Consider a grid, $N x N$ in size, with cells colored white or black. It can be encoded naturally by a word from $\{0,1\}^{n^2}$. Show that a deterministic Turing machine with logarithimic memory can decide if there exists a monochromatic path from the top row to the borrom row.
Allowed moves: up, down, left, right. No diagonal moves.
This isn't homework, but a question from a quiz I've taken today.
Paths can be very long, even $O(n^2)$ in size, so performing a DFS/BFS simulation is not possible. Methods like "right hand rule" for solving mazes seem not applicable.

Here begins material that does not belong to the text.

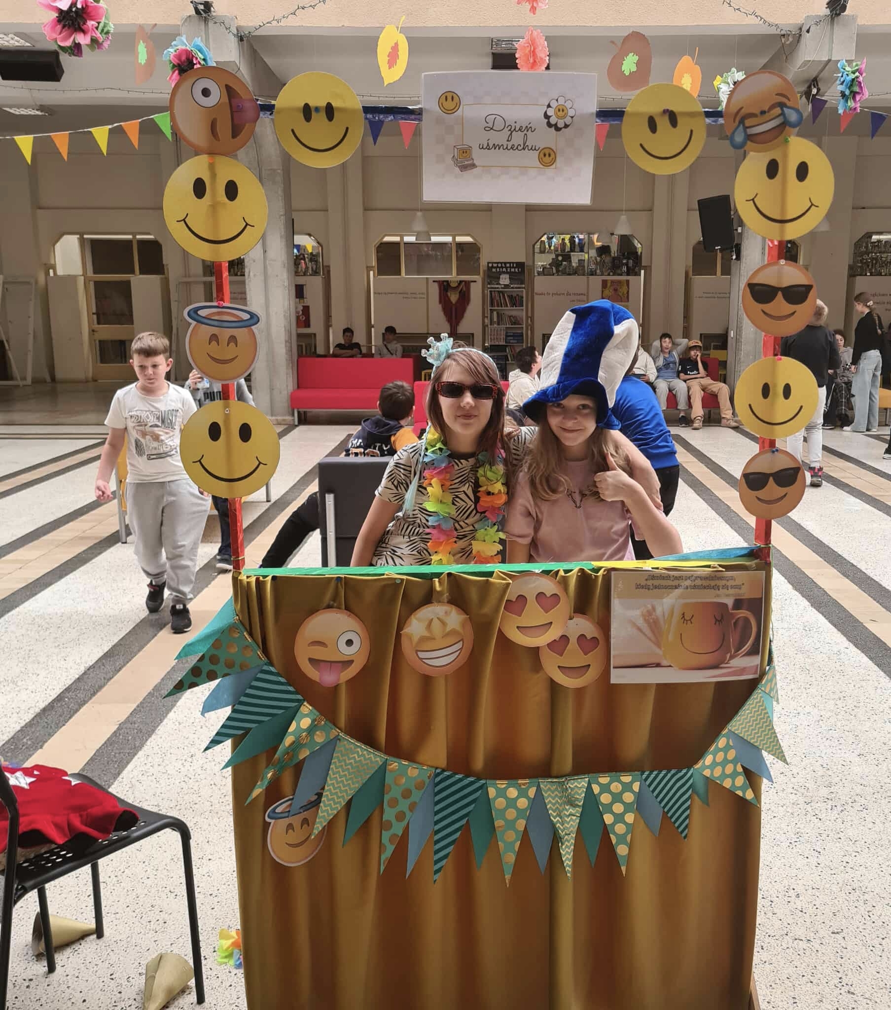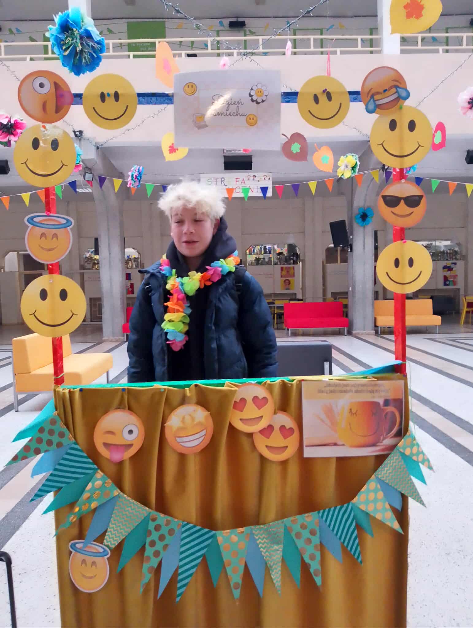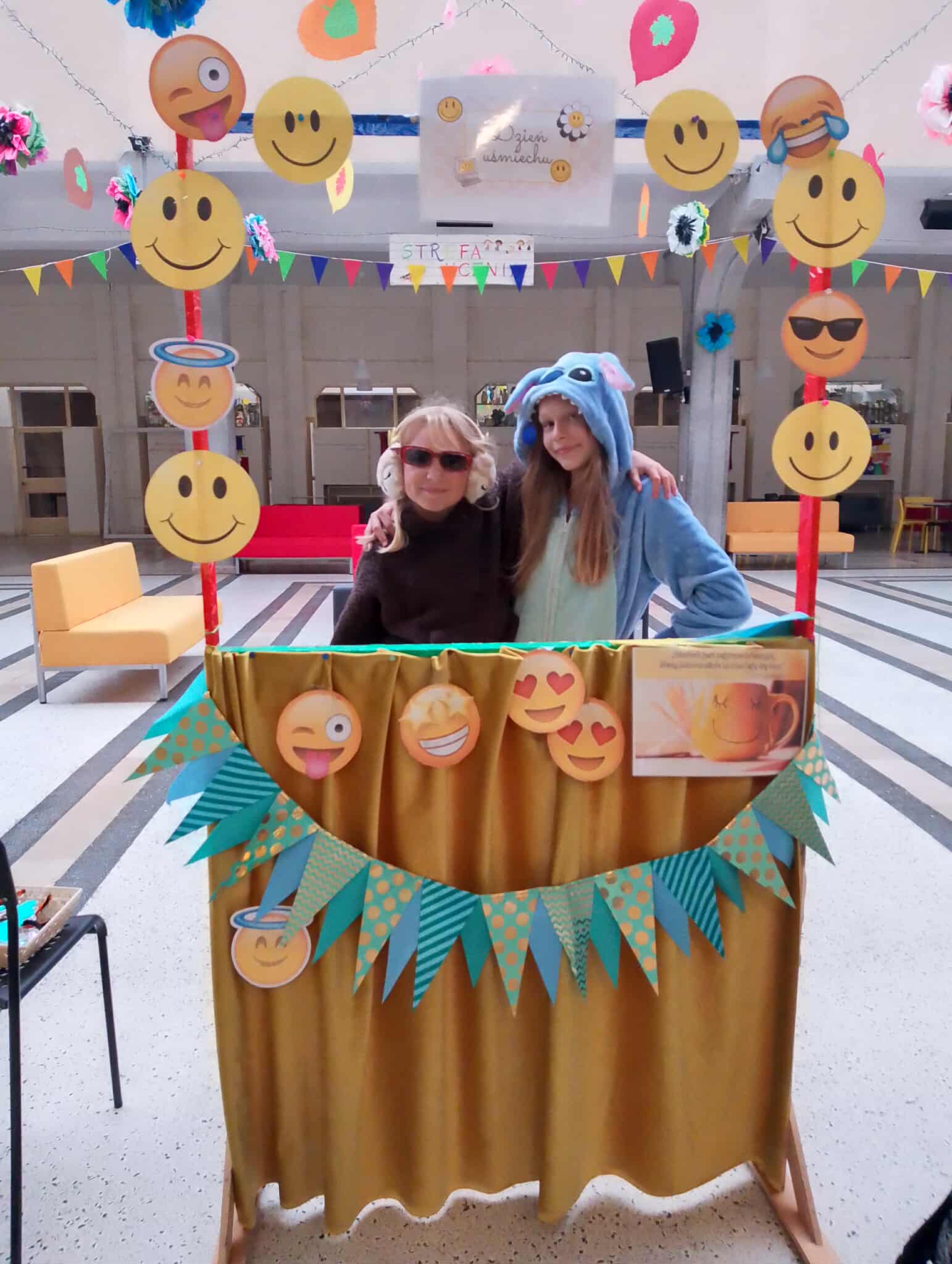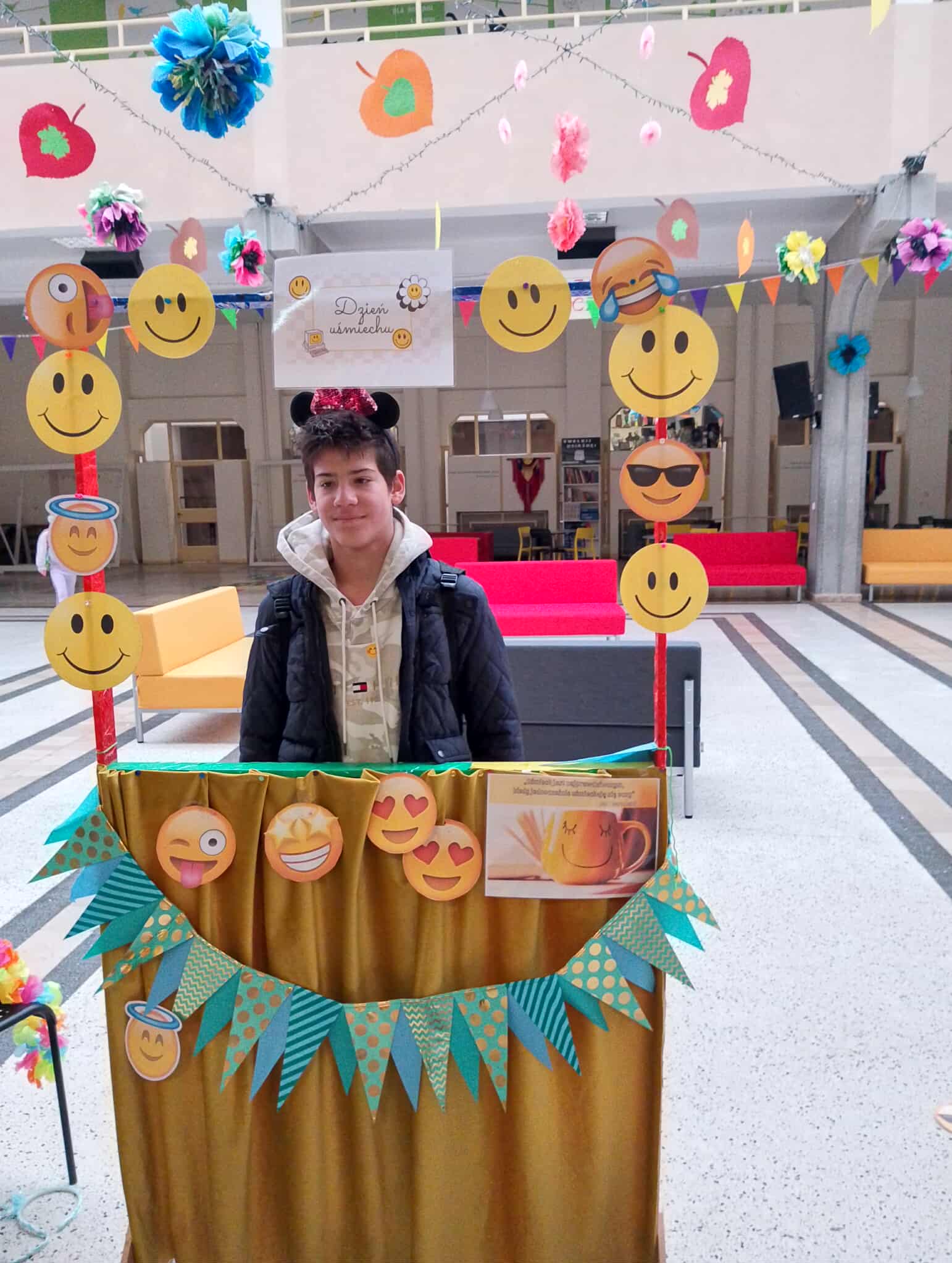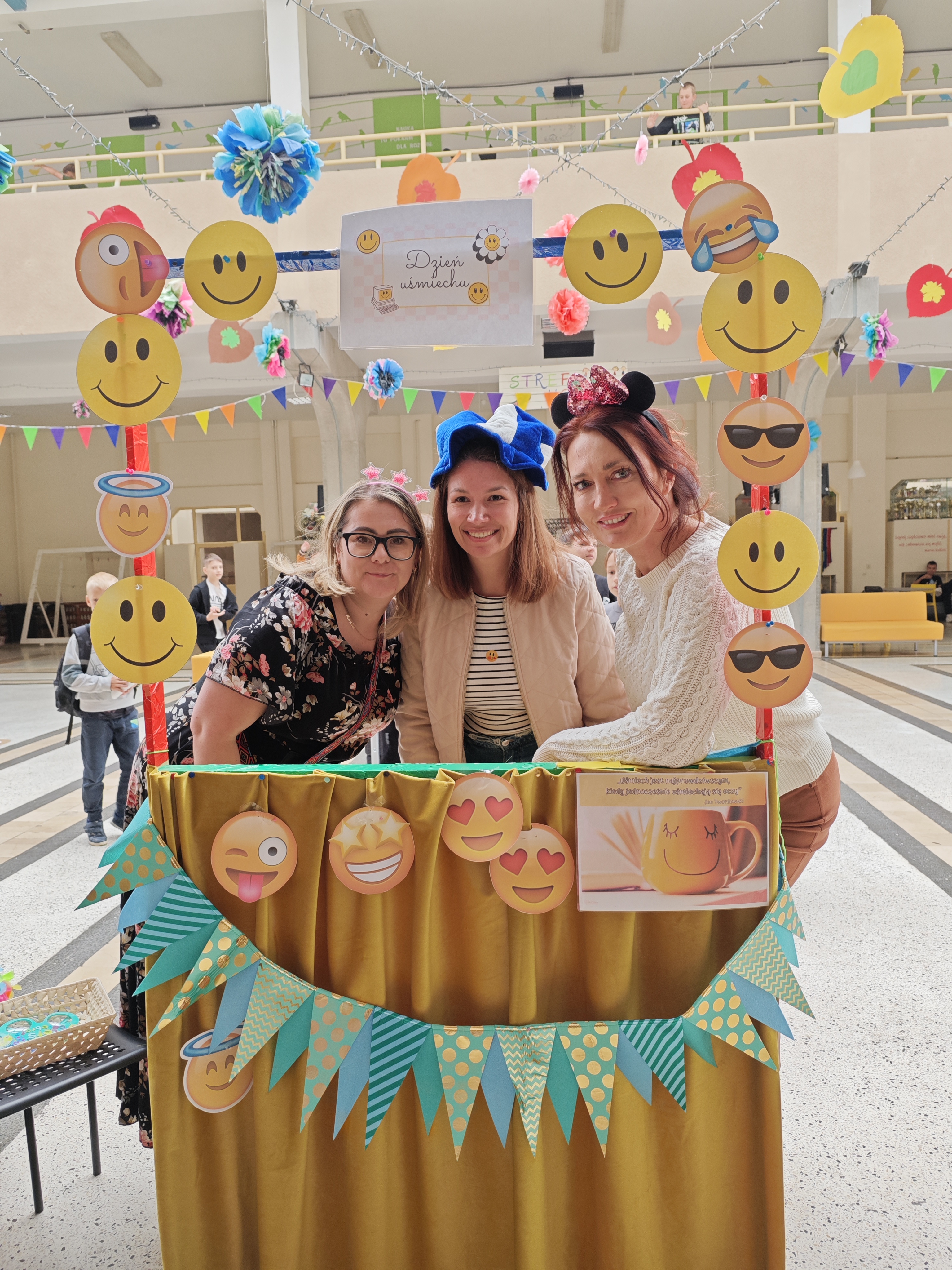 Dziś obchodziliśmy Światowy Dzień Uśmiechu. Z tej okazji w szkolnym holu ustawiona została radosna fotobudka z różnymi akcesoriami.

You can prove this by simply reducing your problem to general st-connectivity for undirected graphs. Every cell is a node, connected to its neighbours iff it has the same color. Additionally you add 2 nodes. one that connects to every cell in the top row, one that connects to every cell in the bottom row. That problem then is solvable in $L$, as Omer Reingold proved in 2004.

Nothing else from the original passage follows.